Anguilla Day, Anguilla History

Anguilla Day at the beach

Anguilla History

Anguilla History begins around 200 BC, when the Amerindian peoples first arrived from South America. They lived off the sea and established farms and villages. Lifestyles were pretty much the same for the next 2,000 years, through a succession of tribes and cultures called the island home.

Most notably the sea-going Arawak tribe arrived with their religion based on the sun and moon and two sacred caverns, from where they believed all mankind originated. Relics of their religion are preserved to this day at Big Springs caves at Island Harbour and The Fountain at Shoal Bay. Archeologists state that the Fountain is the Eastern Caribbean’s most intact ceremonial site of this period. It features petroglyphs and many other preserved relics.

Life changed for the island in 1650, when the first English settlers arrived to colonize Anguilla. They established corn and tobacco plantations. For 6 years they were alone on the island until Indians from a neighboring island came and destroyed their settlement. Then the French overtook the island in 1666, but it was returned to Great Britain the following year under the Treaty of Breda.

By the 1800s with imported slaves from Africa, Anguilla developed a thriving plantation economy like most of the Caribbean. Rum, sugar, cotton, indigo, and mahogany were its chief exports. Then overfarming without proper crop rotation and unreliable rainfall eroded soil fertility. With less favorable conditions for farming Anguilla plantations dwindled relative to larger Caribbean Islands like Hispanola and Jamaica.

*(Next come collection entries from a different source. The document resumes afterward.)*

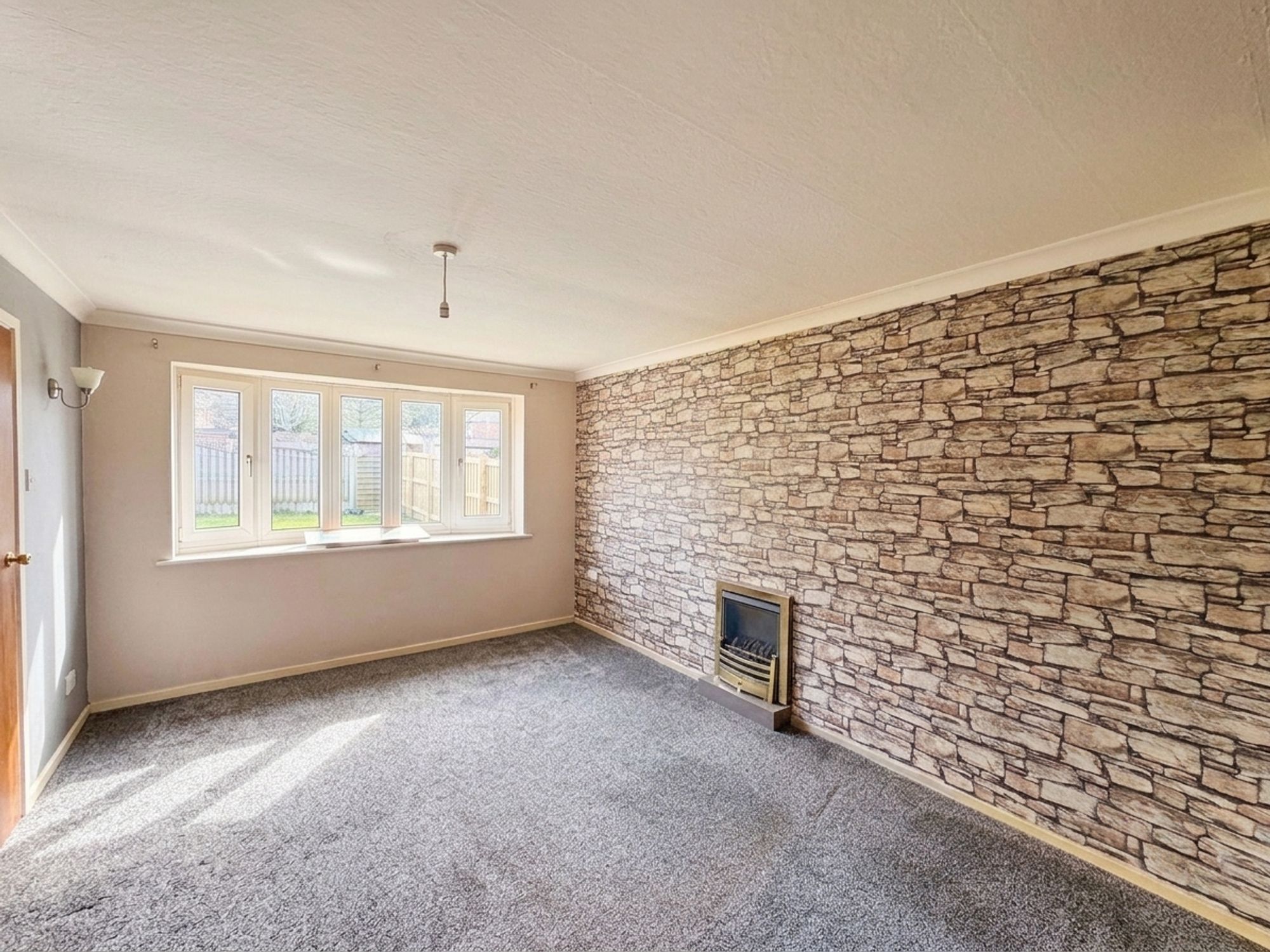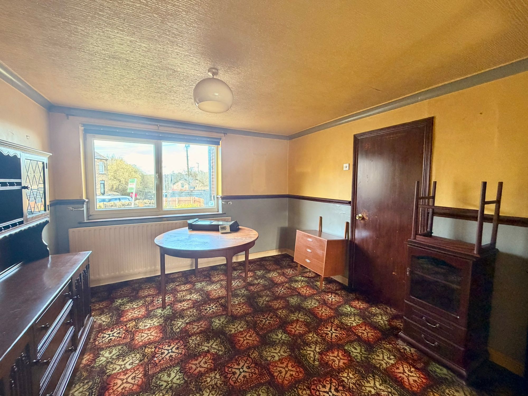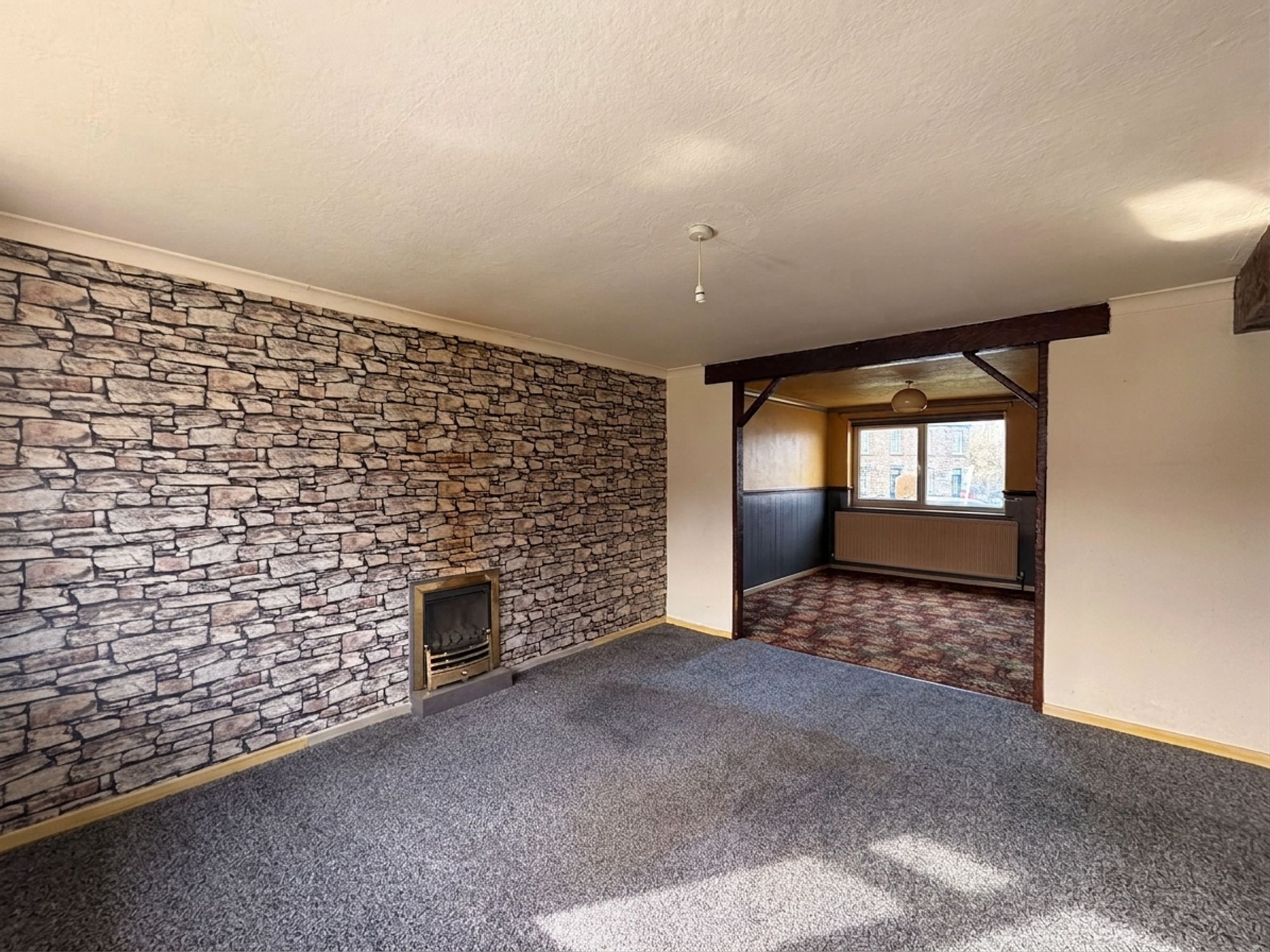 LIVING / DINING ROOMA spacious main reception room with a dual-aspect outlook, offering ample space for both lounge furniture and a dining table and chairs. The dining area benefits from a ceiling light and a uPVC double glazed window to the front. The lounge area features a further ceiling light, exposed beams, and a uPVC multi-panel bay window to the rear. A door provides access to the rear entrance hall.
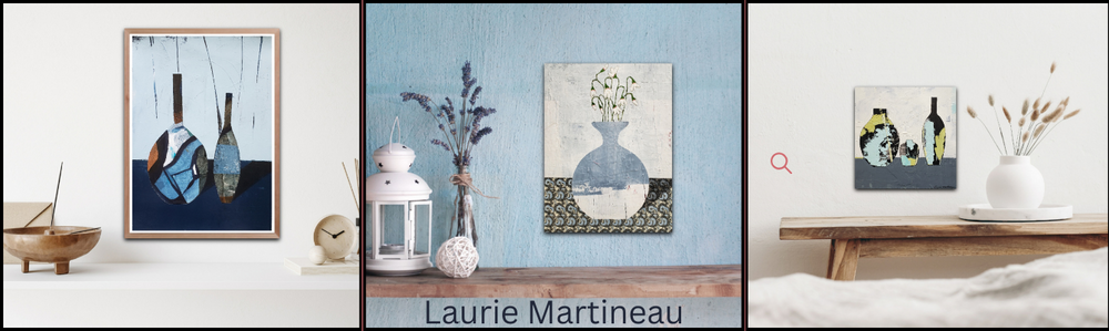 Laurie's current work has been an exploration of vessels in an abstract primitive form using masking and Japanese Chiyogami paper to create simple compositions rich with texture. Often these compositions are created from previous paintings using masking to form an image. Using my professional experience working with architecture, real estate and design, I blend my love for composition and balance with abstract artwork, creating modern and contemporary artwork that work in many different styles of homes and commercial properties.
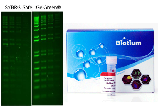 Biotium bietet das rot fluoreszierende GelRed® und das grün fluoreszierende GelGreen® als sichereren und sensitiven Ersatz für Ethidiumbromid.
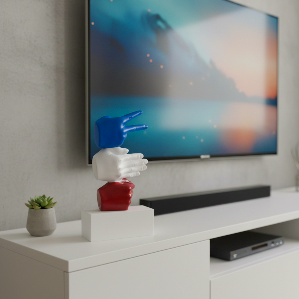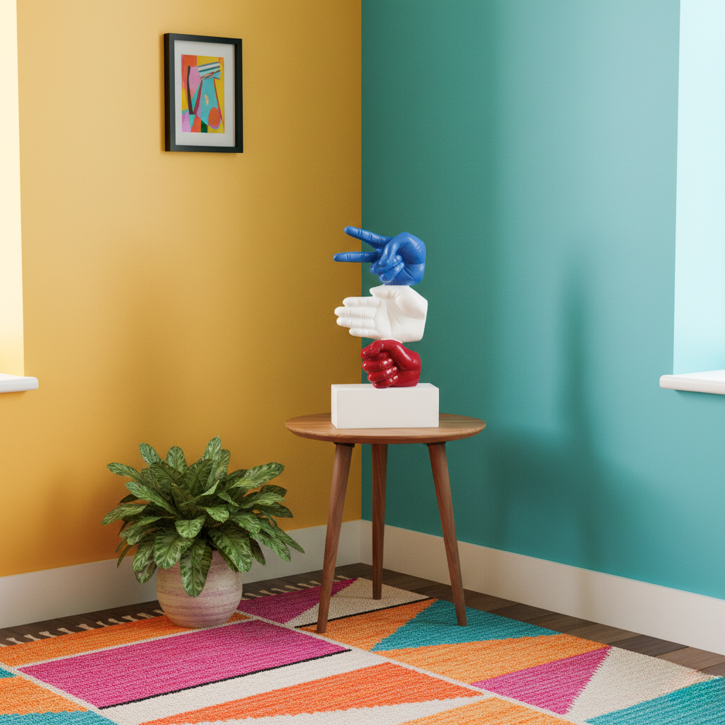 Colorful Hand Sculpture – Rock, Paper, Peace ✋
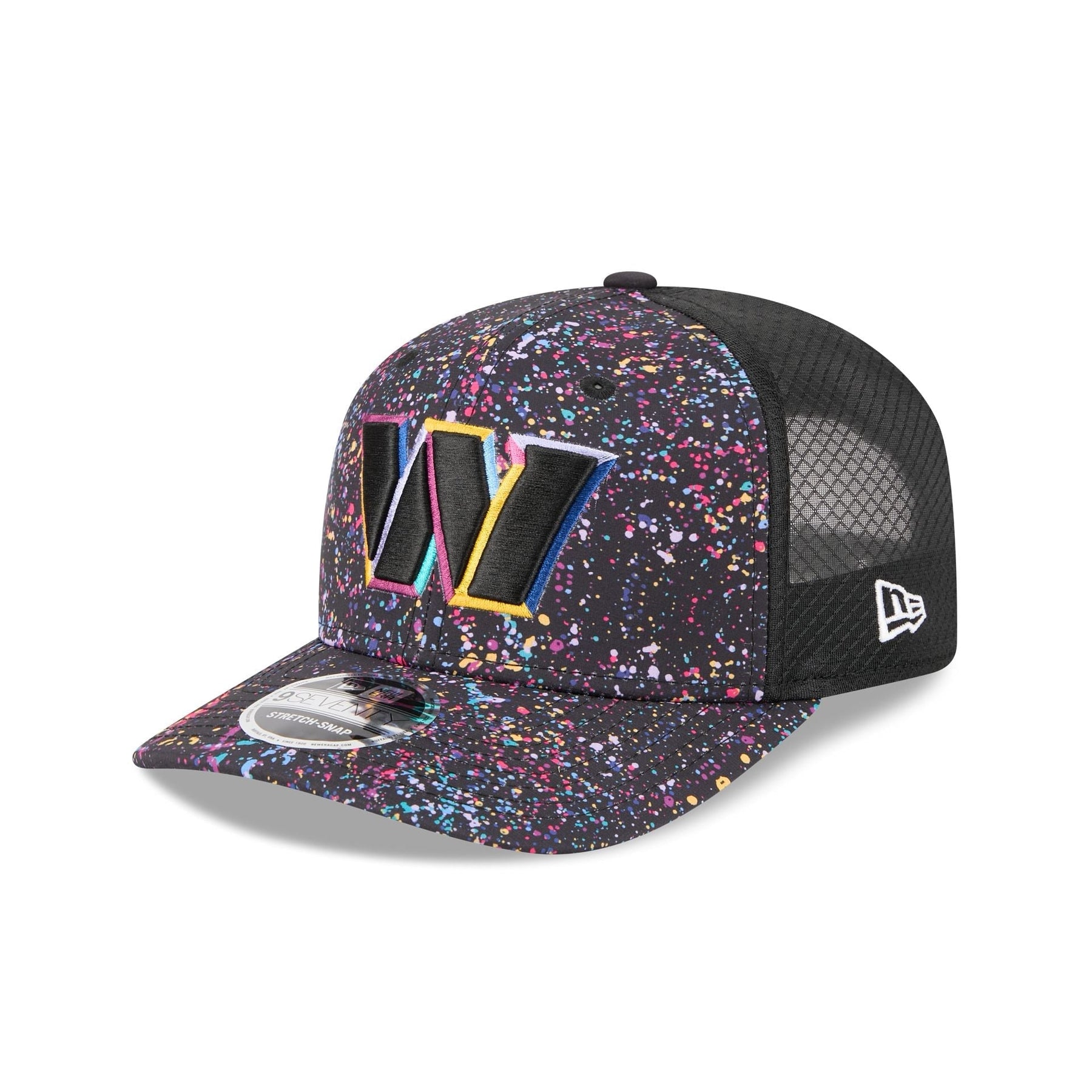 The Washington Commanders 2025 Crucial Catch 9SEVENTY Trucker features an embroidered Commanders logo at the front paint splatter panels with a woven NFL Shield tag above a snapback closure at the rear. Additional details include a Crucial Catch Intercept Cancer patch at the right-wear side with performance mesh rear panels and a black undervisor.
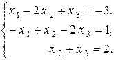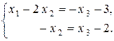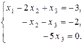 Их ранги равны числу ненулевых строк, то есть трем. Согласно теореме Кронекера – Капелли и теореме об определенности система совместна и имеет единственное решение. Найдем это решение. Из третьего уравнения следует, что x 3 = 0. Тогда из второго уравнения получим, что – x 2 = – 2, то есть x 2 = 2. Подставляя полученные значения переменных x 2 и x 3 в первое уравнение, получим x 1 – 4 + 0 = – 3, x 1 = 4 – 3, x 1 = 1. Единственным решением системы уравнений ПРИМЕР 2.
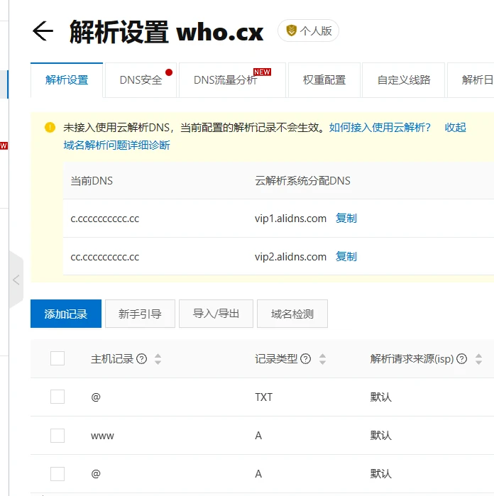 想要将dns域名的dns也使用自建dns,需要dns域名也都开通云解析套餐,并到阿里云添加解析,1份¥19的套餐只能绑定1个域名,成本高不推荐。
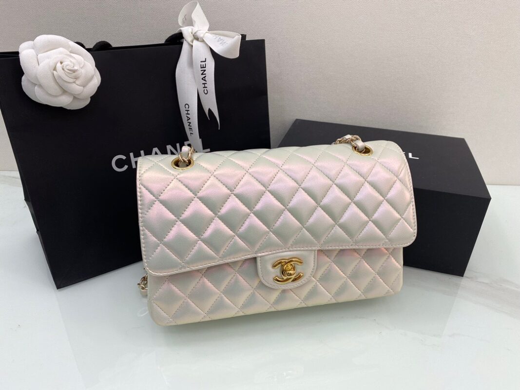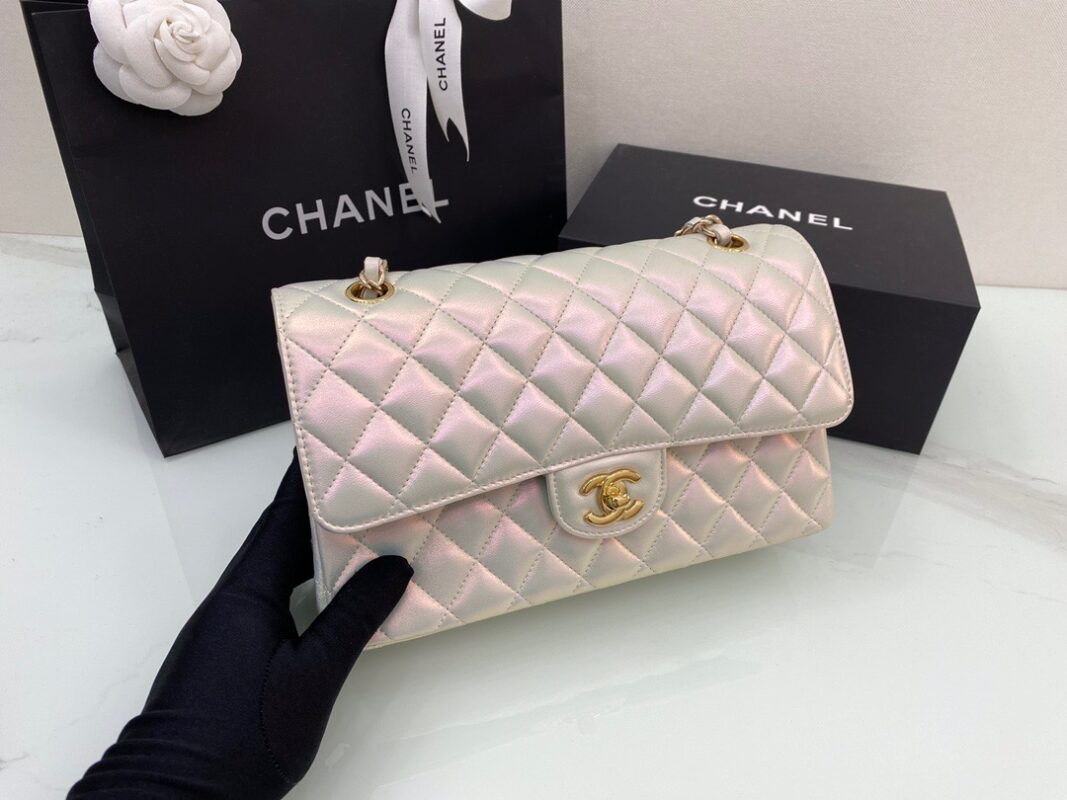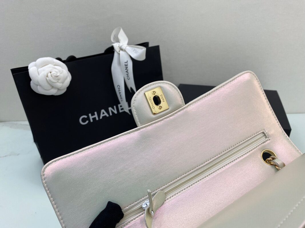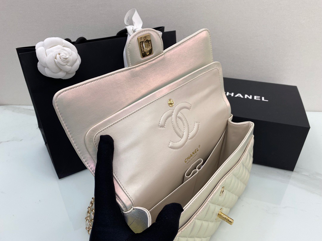 𝘾𝙝𝙖𝙣𝙚𝙡 21Classic Flap. Pearl White. Lambskin. 25cm
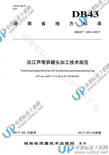 DB43/T 1264-2017 沅江芦苇笋罐头加工技术规范
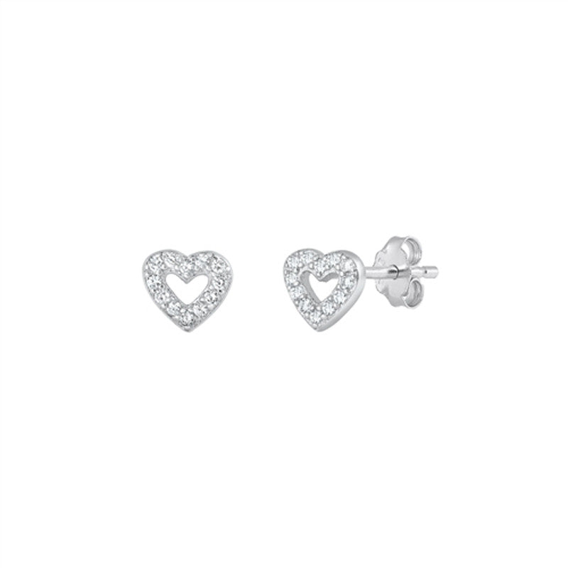 Tiny Heart Shaped Stud Earrings with Cubic Zirconia in Sterling Silver
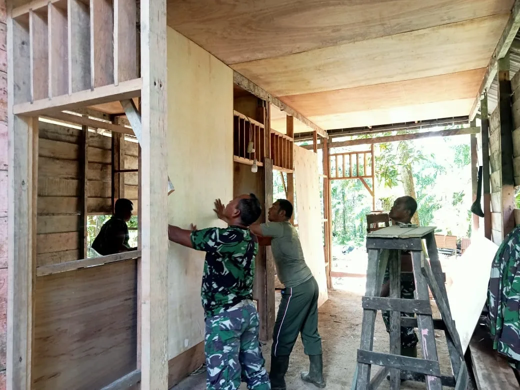 Simeulue – Personil Satgas TMMD Ke 126 Kodim 0115/Simeulue, Korem 012/Teuku Umar lanjutkan renovasi RTLH di lokasi yang dimana pemasangan Dinding dan Flafon rumah warga dalam rangka TMMD di Desa Ana’o, Kecamatan Teupah Selatan, Kabupaten Simeulue. Senin (13/10/2025).
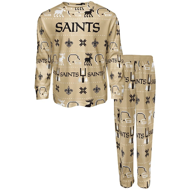 Preschool Gold New Orleans Saints Allover Print Long Sleeve T-Shirt & Pants - Sleep Set
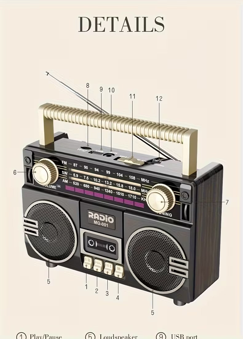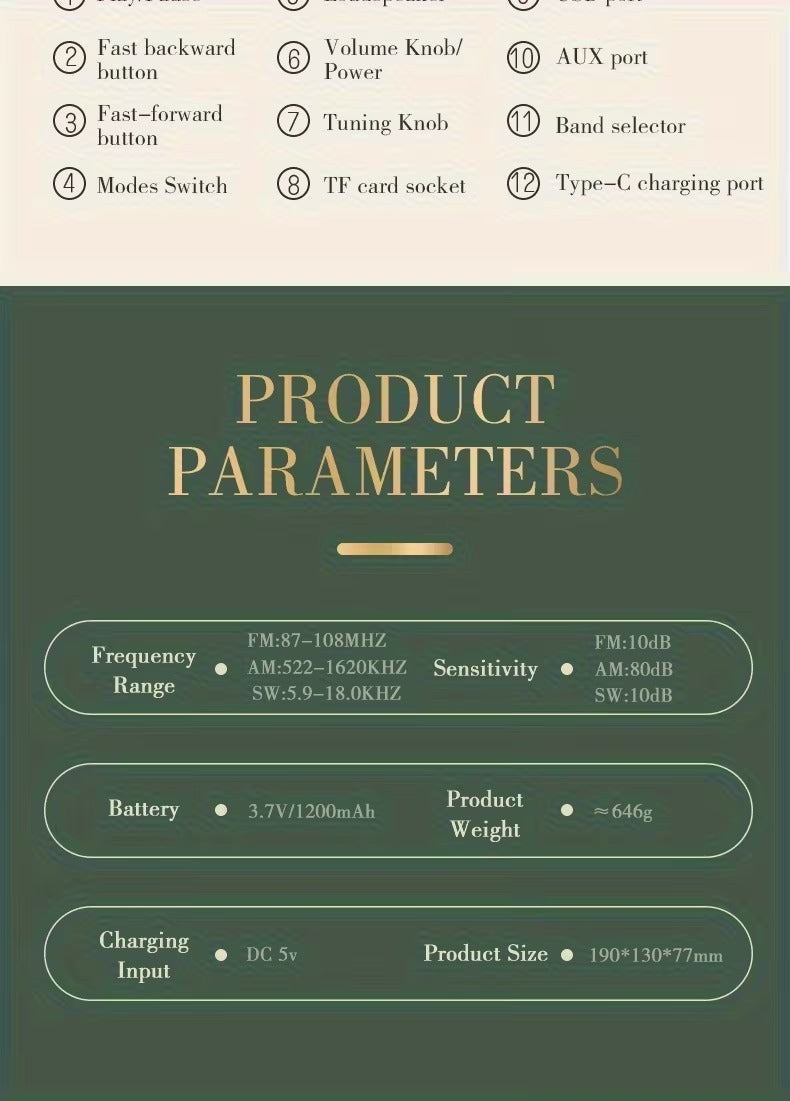 Functionality: AM/FM/SW multi-band, external antenna, TF card playback
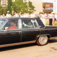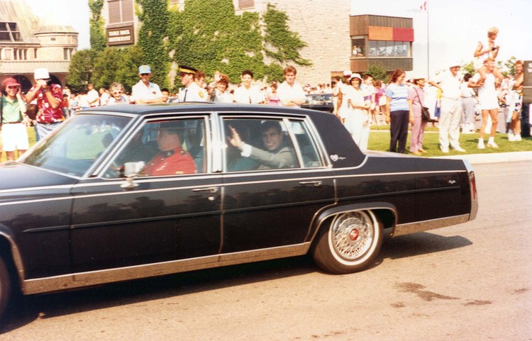 en-CA Duke and Duchess of York (Andrew and Sarah) arrive at Table Rock House in a limousine. A large crowd waits to greet them.

More change in the Caribbean was brewing in the mid-1900s, as island peoples thirsted for independence and self-determined prosperity. The Anguilla people established private proprietorships or became fisherman or sailors. In 1958, St. Kitts, Nevis, and Anguilla became part of the Federation of the West Indies.

The Federation’s collapse in 1962 resulted in individual constitutions for most islands. St. Kitts, Nevis and Anguilla were made an associated statehood — a political decision that sparked the Anguilla Revolution, as Anguilla desired its independence.

Thus 30 May 1967 is celebrated today as Anguilla Day, which commemorates the repulsion of the Royal St. Kitts Police Force from the island. Britain intervened and a peacekeeping committee was established. Debates over Anguilla’s succession continued to be negotiated for another decade until December 19, 1980, when Anguilla became a separate Dependent Territory with some measure of autonomy in government.

Fortunately, Anguilla and St. Kitts settle their differences today with sporting matches.